*** Opening Working data ***

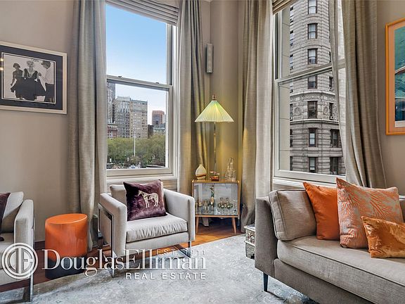 Enjoy an entire private floor of sprawling loft space in this spacious 2,736 sq ft apartment in the historic "Sohmer Piano Building" on lower Fifth Avenue. Facing both North and East, one can enjoy 18 over-sized oak windows towards Madison Square Park and the legendary Flatiron Building. The chefs kitchen boasts top-of-the-line stainless steel appliances and Cornufe' range and opens up on to a generous living room and dining area with beautiful teak floors, 13 foot ceilings and the original pre-war moldings. Currently, the space is configured as a 3 bedroom and home office but can easily be transformed into a 4 bedroom layout. The master suite offers a 6 foot luxurious soaking tub and Japanese walk-in shower. Adjacent to the master bedroom, is an oversized, double walk-in closet which can also be converted into an exercise room or office. Additional features include a washer/dryer, stereo system throughout the residence, excellent lighting, soundproof double-pane city windows, large closets & abundant storage (with additional basement storage included).
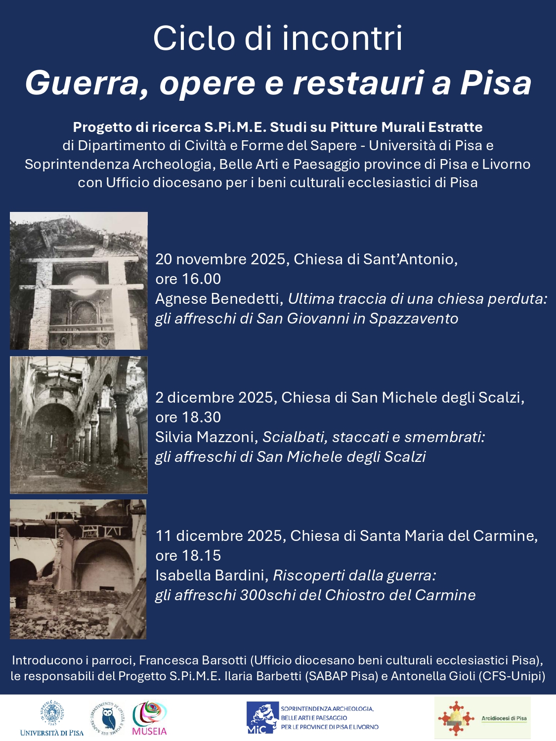 Guerra – opere e restauri a Pisa – tre incontri 20 novembre – 2 e 11 dicembre 2025
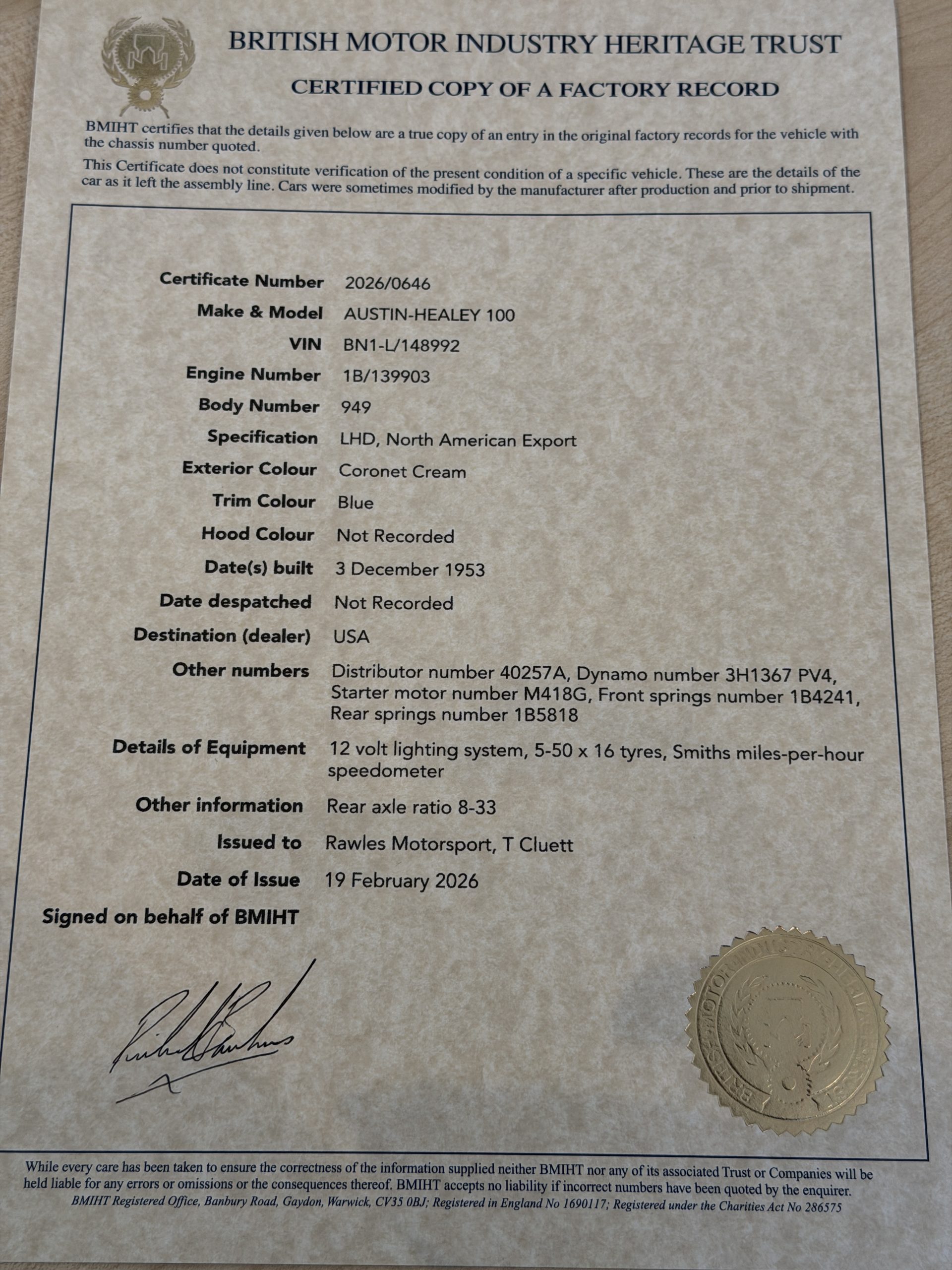 Austin Healey 100 BN1 to M Specification
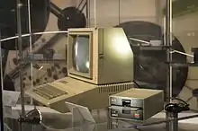 The Apple IIe (styled as Apple //e) is the third model in the Apple II series of personal computers produced by Apple Computer. The e in the name stands for enhanced, referring to the fact that several popular features were now built-in that were formerly only available as upgrades or add-ons in earlier models. Improved expandability combined with the new features made for a very attractive general-purpose machine to first-time computer shoppers. As the last surviving model of the Apple II computer line before discontinuation, and having been manufactured and sold for nearly 11 years with relatively few changes, the IIe earned the distinction of being the longest-lived computer in Apple's history.
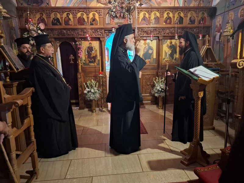 Το απόγευμα της Κυριακής, στον Εσπερινό του πανηγυρίζοντος Ιερού Μετοχίου της Ι. Μονής αγίου Γεωργίου Ηλίων, της Οσίας Ειρήνης Χρυσοβαλάντου στις Ροβιές (πάνω από τις Κατασκηνώσεις της Ι. Μητροπόλεως), ο Θεοφιλέστατος κ. Νικόδημος χοροστάτησε και κήρυξε τον θείο λόγο, επί τη μνήμη της οσίας Ειρήνης, την οποία ετίμησαν, μαζί με την αδελφότητα και πάμπολλοι προσκυνητές.

*** Closing Working data ***

:: Brief ::
Only an exact, picture-free copy of the entries counts as the answer.

:: Solution to the problem ::
 Enjoy an entire private floor of sprawling loft space in this spacious 2,736 sq ft apartment in the historic "Sohmer Piano Building" on lower Fifth Avenue. Facing both North and East, one can enjoy 18 over-sized oak windows towards Madison Square Park and the legendary Flatiron Building. The chefs kitchen boasts top-of-the-line stainless steel appliances and Cornufe' range and opens up on to a generous living room and dining area with beautiful teak floors, 13 foot ceilings and the original pre-war moldings. Currently, the space is configured as a 3 bedroom and home office but can easily be transformed into a 4 bedroom layout. The master suite offers a 6 foot luxurious soaking tub and Japanese walk-in shower. Adjacent to the master bedroom, is an oversized, double walk-in closet which can also be converted into an exercise room or office. Additional features include a washer/dryer, stereo system throughout the residence, excellent lighting, soundproof double-pane city windows, large closets & abundant storage (with additional basement storage included).
 Guerra – opere e restauri a Pisa – tre incontri 20 novembre – 2 e 11 dicembre 2025
 Austin Healey 100 BN1 to M Specification
 The Apple IIe (styled as Apple //e) is the third model in the Apple II series of personal computers produced by Apple Computer. The e in the name stands for enhanced, referring to the fact that several popular features were now built-in that were formerly only available as upgrades or add-ons in earlier models. Improved expandability combined with the new features made for a very attractive general-purpose machine to first-time computer shoppers. As the last surviving model of the Apple II computer line before discontinuation, and having been manufactured and sold for nearly 11 years with relatively few changes, the IIe earned the distinction of being the longest-lived computer in Apple's history.
 Το απόγευμα της Κυριακής, στον Εσπερινό του πανηγυρίζοντος Ιερού Μετοχίου της Ι. Μονής αγίου Γεωργίου Ηλίων, της Οσίας Ειρήνης Χρυσοβαλάντου στις Ροβιές (πάνω από τις Κατασκηνώσεις της Ι. Μητροπόλεως), ο Θεοφιλέστατος κ. Νικόδημος χοροστάτησε και κήρυξε τον θείο λόγο, επί τη μνήμη της οσίας Ειρήνης, την οποία ετίμησαν, μαζί με την αδελφότητα και πάμπολλοι προσκυνητές.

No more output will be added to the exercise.